> **EXERCISE**
Except for the images, repeat the entries below word for word.

> **DATA TO USE**
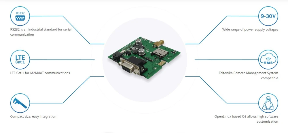 Teltonika TRB142 to karta sieciowa LTE oraz bramka przemysłowa dla aplikacji Internet of Things (internet rzeczy). Urządzenia z serii TRB zostały zaprojektowane tak, aby były małe, lekkie i energooszczędne, co ułatwia realizację projektów IoT (Internet of Things). Karta sieciowa TRB142 jest wyposażona w szeroko wykorzystywany port RS232 do zdalnego zarządzania urządzeniami oraz w wydajny procesor ARM Cortex-A7 1,2 GHz i 128 MB pamięci RAM. Posiada też funkcję LTE oraz środowisko Linuksa, które oferuje wysoki stopień personalizacji. Karta/bramka IoT jest przeznaczona do nowoczesnych aplikacji przemysłowych.
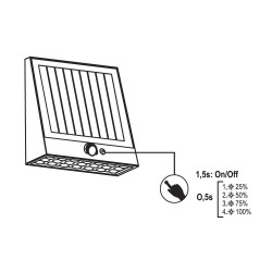 Aplique de pared solar LED Raksa. Aplique de pared con panel solar de carga en la parte frontal. Mediante un pequeño interruptor puedes seleccionar entre 4 intensidades de luz (25-50-75-100%). La luz se mite directamente hacia abajo iluminando la pared. Panel solar en la parte superior para cargar la batería y utilizar sin consumo energético. Grado IP54 frente a posibles salpicaduras de agua provocadas en el entorno.
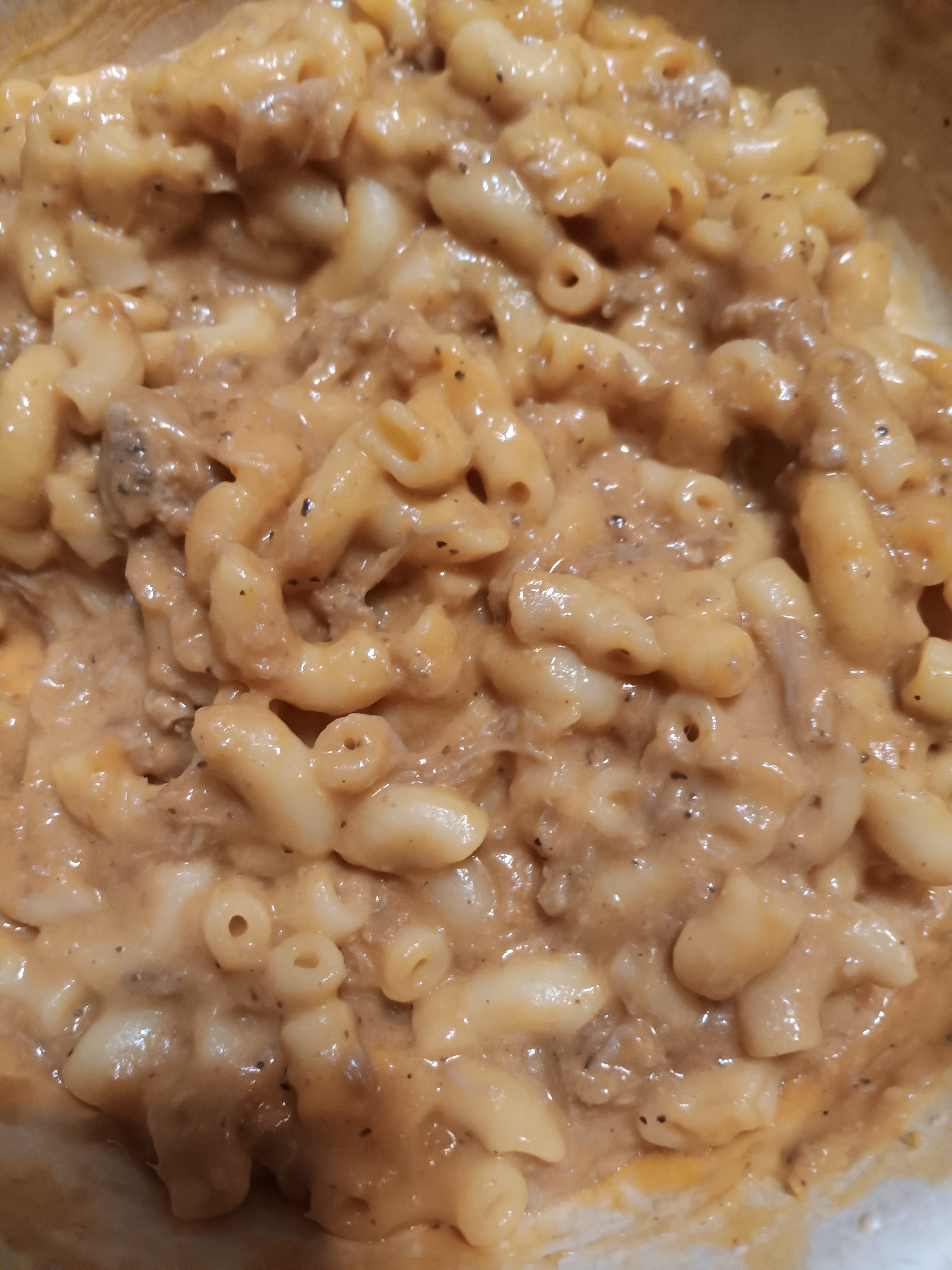 My mom made some mac n cheese, with pulled pork n BBQ sauce.... and its DAMN good good!!! Ill be going back for 3rds. 😂🤣😂
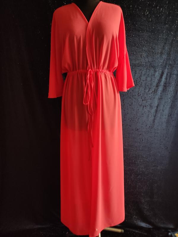 Пляжна халат туніка з шифону з рукавом крильце,халатик універсальний ,розмір регулюється пояском,колір кораловий
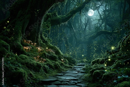 Obraz premium Mystical Forest Pathway Under Moonlight
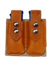 NEW Barsony Tan Leather Double Mag Pouch for Kel-Tec Taurus 380 & Ultra Compact 9mm Made in the USA by Barsony Holsters and Belts FITS: KEL-TEC P11 PF9 P40, Taurus Slim 708 709 740, Sccy CPX-1 CPX2 This double magazine pouch is made to fit either single stack OR double stack magazines. PREMIUM SADDLE TAN COWHIDE LEATHER DOUBLE MAGAZINE POUC H The MAGAZINE POUCH has a SNAP-Retention strap. Precision stitching, made from premium cowhide Lightweight (only 5oz) and is made in Beaverton, Oregon USA . Made from U.S. double shoulder 7oz. weight cowhide. It will accept belts up to 1.75" width. Add a map to your own listings. FREE Trial !
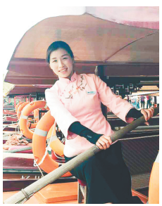 王丽丽是2001年到瘦西湖做船娘的。作为一名“老船娘”,王丽丽的皮肤晒得比别人黑,手上的老茧磨得比别人厚,可她始终以小学生的姿态学习扬州人文历史知识,探究扬州风土人情,不仅熟悉多个版本的导游词,而且加强文艺表演能力,注意掌握扬州人文掌故、街巷名店,自创“三声”服务(来有迎声、问有答声、走有送声)和“服务三字经”(迎客人,笑盈盈;职业装,靓又净……),本人多次荣获服务明星,年年被评为公司先进个人;船娘班还被评为创先争优·争创群众满意窗口服务单位先进基层党组织,并先后被授予“全国三八红旗集体”、“全国巾帼文明岗”和“全国工人先锋号”。
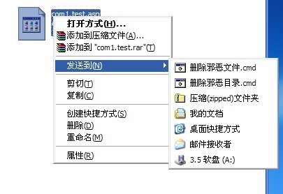 3、找到邪惡的文件,比如com1.test.asp,右擊,選擇發(fā)送到,刪除邪惡文件就可以了。如果是目錄,選擇刪除邪惡目錄。
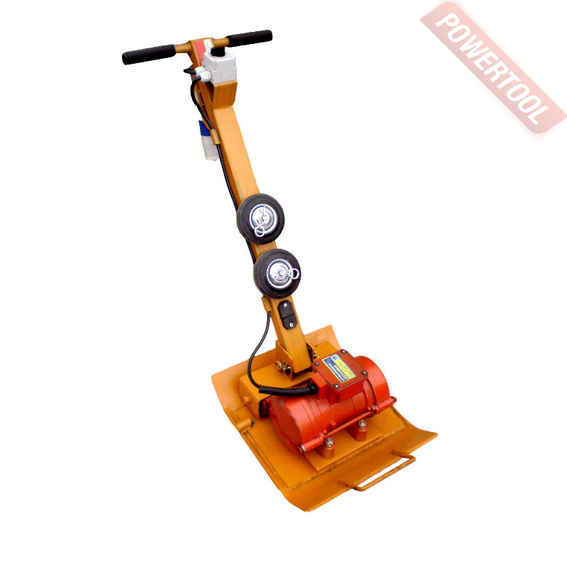 Виброплита электрическая, вес 48 кг, рабочая поверхность 380х380 мм, усилие уплотнения 5 кН, скорость перемещения 10 м/мин, механический привод, электрический двигатель мощностью 0,5 кВт, напряжение сети 220В, УЗО, размер 800х388х1000 мм.
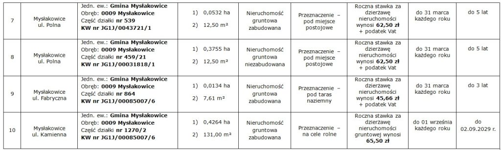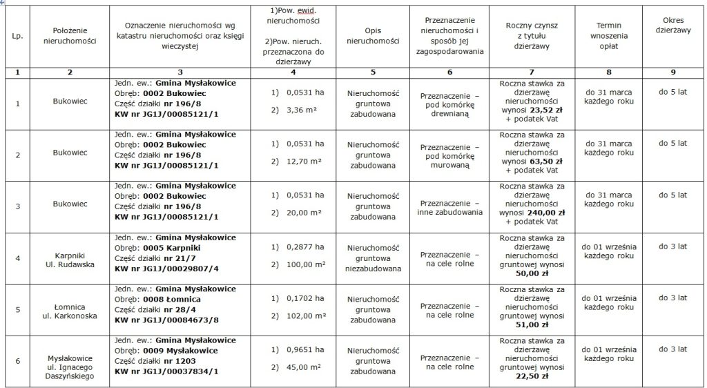 Wójt Gminy Mysłakowice podaje do publicznej wiadomości wykaz nieruchomości przeznaczonych do dzierżawy:
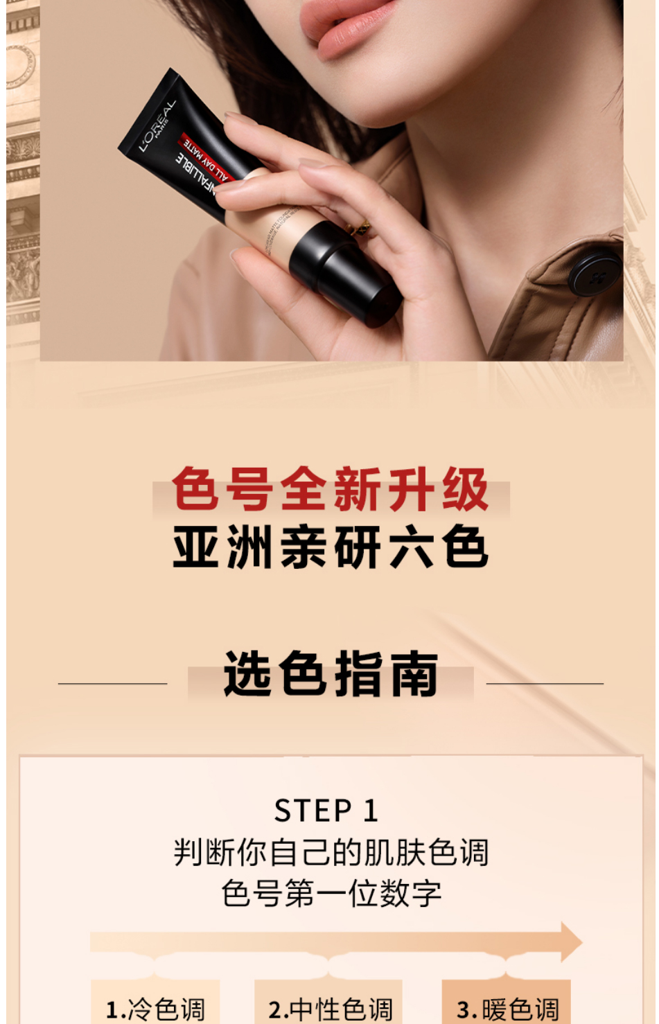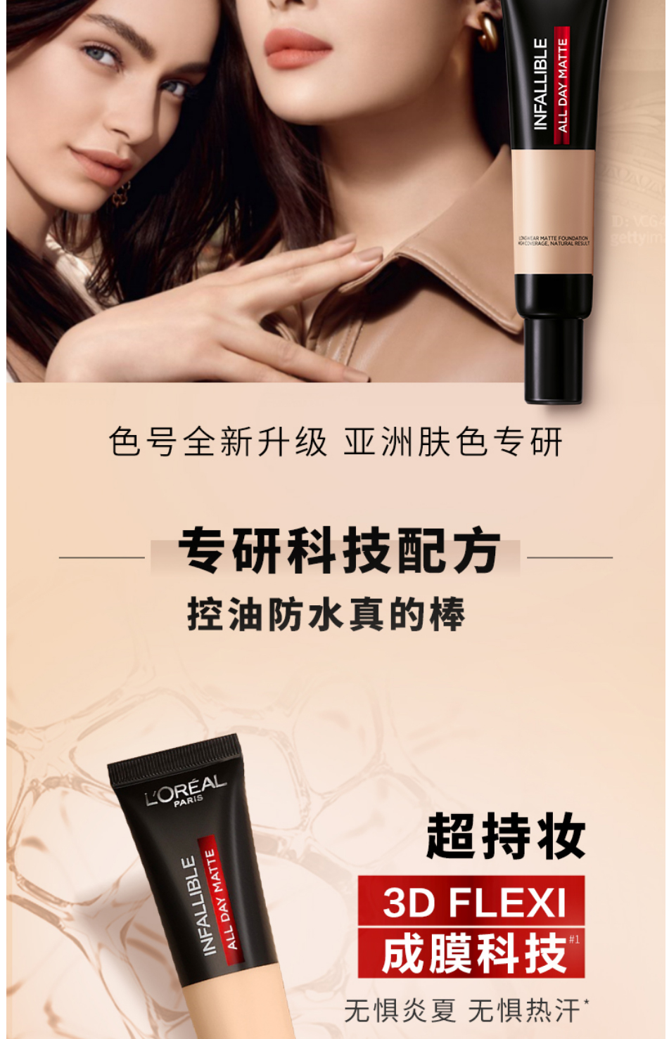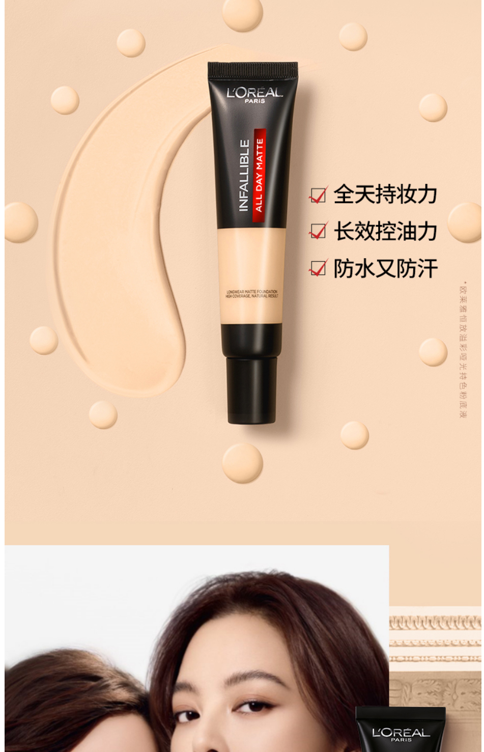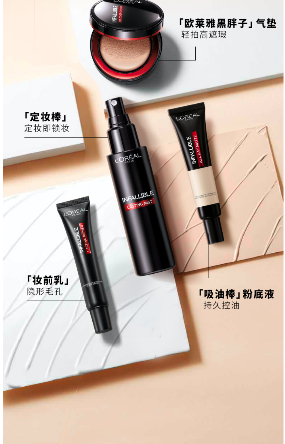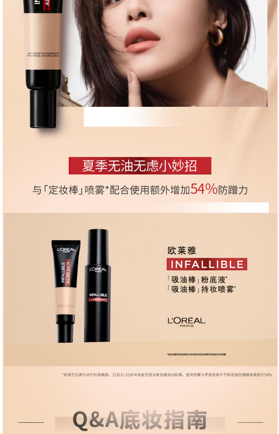 欧莱雅恒放溢彩持色哑光粉底液吸油棒
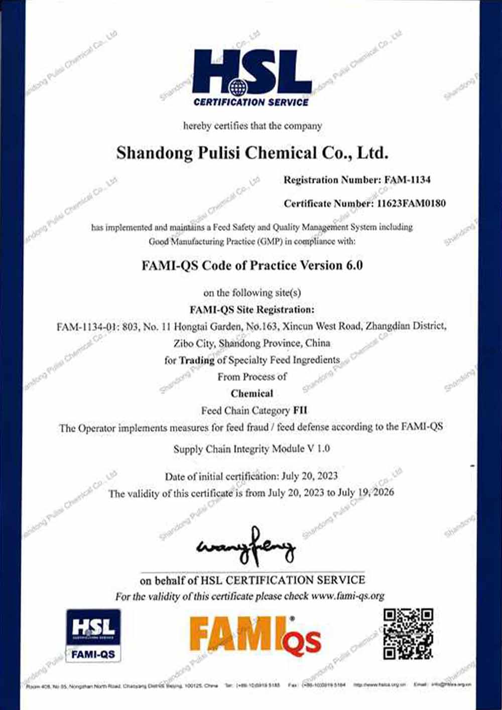 Продукция прошла сертификацию и испытания SGS,BV,FAMI-QS и другие. Компания внедрила стандартизированное и стандартизированное корпоративное управление, а также получила сертификат системы управления качеством ISO9001:2015 и немецкий сертификат BV. В 2018 году местное правительство присвоило нам почетное звание «передовая единица экспортной экономической деятельности»; в 2018 году мы получили звание демонстрационной базы северного региона алибаба; в 2019 году мы получили звание «Отличное предприятие добросовестности» в городе зибо,В 2022 году муниципальные власти выбрали его как «предприятие с выдающимся вкладом» в качественное развитие Цзыбо.
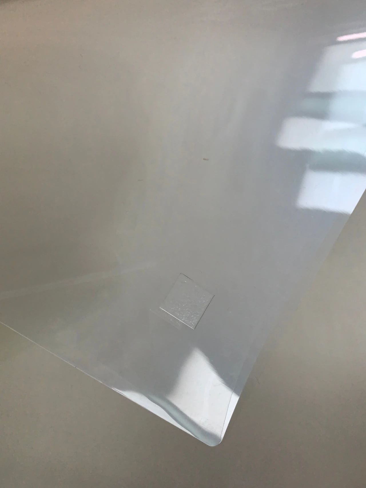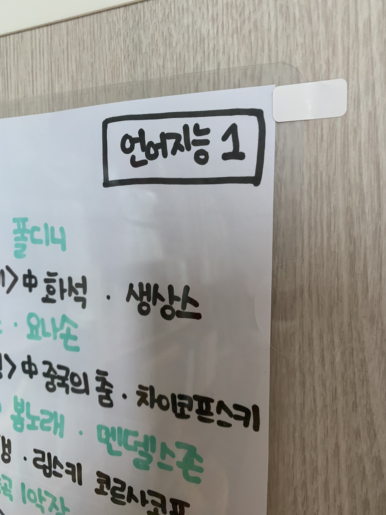 3. 투명 파일 네 모서리에 재접착 양면테이프를 붙인 후, 벽에 붙인다.

> **ANSWER AREA**
 Teltonika TRB142 to karta sieciowa LTE oraz bramka przemysłowa dla aplikacji Internet of Things (internet rzeczy). Urządzenia z serii TRB zostały zaprojektowane tak, aby były małe, lekkie i energooszczędne, co ułatwia realizację projektów IoT (Internet of Things). Karta sieciowa TRB142 jest wyposażona w szeroko wykorzystywany port RS232 do zdalnego zarządzania urządzeniami oraz w wydajny procesor ARM Cortex-A7 1,2 GHz i 128 MB pamięci RAM. Posiada też funkcję LTE oraz środowisko Linuksa, które oferuje wysoki stopień personalizacji. Karta/bramka IoT jest przeznaczona do nowoczesnych aplikacji przemysłowych.
 Aplique de pared solar LED Raksa. Aplique de pared con panel solar de carga en la parte frontal. Mediante un pequeño interruptor puedes seleccionar entre 4 intensidades de luz (25-50-75-100%). La luz se mite directamente hacia abajo iluminando la pared. Panel solar en la parte superior para cargar la batería y utilizar sin consumo energético. Grado IP54 frente a posibles salpicaduras de agua provocadas en el entorno.
 My mom made some mac n cheese, with pulled pork n BBQ sauce.... and its DAMN good good!!! Ill be going back for 3rds. 😂🤣😂
 Пляжна халат туніка з шифону з рукавом крильце,халатик універсальний ,розмір регулюється пояском,колір кораловий
 Obraz premium Mystical Forest Pathway Under Moonlight
 NEW Barsony Tan Leather Double Mag Pouch for Kel-Tec Taurus 380 & Ultra Compact 9mm Made in the USA by Barsony Holsters and Belts FITS: KEL-TEC P11 PF9 P40, Taurus Slim 708 709 740, Sccy CPX-1 CPX2 This double magazine pouch is made to fit either single stack OR double stack magazines. PREMIUM SADDLE TAN COWHIDE LEATHER DOUBLE MAGAZINE POUC H The MAGAZINE POUCH has a SNAP-Retention strap. Precision stitching, made from premium cowhide Lightweight (only 5oz) and is made in Beaverton, Oregon USA . Made from U.S. double shoulder 7oz. weight cowhide. It will accept belts up to 1.75" width. Add a map to your own listings. FREE Trial !
 王丽丽是2001年到瘦西湖做船娘的。作为一名“老船娘”,王丽丽的皮肤晒得比别人黑,手上的老茧磨得比别人厚,可她始终以小学生的姿态学习扬州人文历史知识,探究扬州风土人情,不仅熟悉多个版本的导游词,而且加强文艺表演能力,注意掌握扬州人文掌故、街巷名店,自创“三声”服务(来有迎声、问有答声、走有送声)和“服务三字经”(迎客人,笑盈盈;职业装,靓又净……),本人多次荣获服务明星,年年被评为公司先进个人;船娘班还被评为创先争优·争创群众满意窗口服务单位先进基层党组织,并先后被授予“全国三八红旗集体”、“全国巾帼文明岗”和“全国工人先锋号”。
 3、找到邪惡的文件,比如com1.test.asp,右擊,選擇發(fā)送到,刪除邪惡文件就可以了。如果是目錄,選擇刪除邪惡目錄。
 Виброплита электрическая, вес 48 кг, рабочая поверхность 380х380 мм, усилие уплотнения 5 кН, скорость перемещения 10 м/мин, механический привод, электрический двигатель мощностью 0,5 кВт, напряжение сети 220В, УЗО, размер 800х388х1000 мм.
 Wójt Gminy Mysłakowice podaje do publicznej wiadomości wykaz nieruchomości przeznaczonych do dzierżawy:
 欧莱雅恒放溢彩持色哑光粉底液吸油棒
 Продукция прошла сертификацию и испытания SGS,BV,FAMI-QS и другие. Компания внедрила стандартизированное и стандартизированное корпоративное управление, а также получила сертификат системы управления качеством ISO9001:2015 и немецкий сертификат BV. В 2018 году местное правительство присвоило нам почетное звание «передовая единица экспортной экономической деятельности»; в 2018 году мы получили звание демонстрационной базы северного региона алибаба; в 2019 году мы получили звание «Отличное предприятие добросовестности» в городе зибо,В 2022 году муниципальные власти выбрали его как «предприятие с выдающимся вкладом» в качественное развитие Цзыбо.
 3. 투명 파일 네 모서리에 재접착 양면테이프를 붙인 후, 벽에 붙인다.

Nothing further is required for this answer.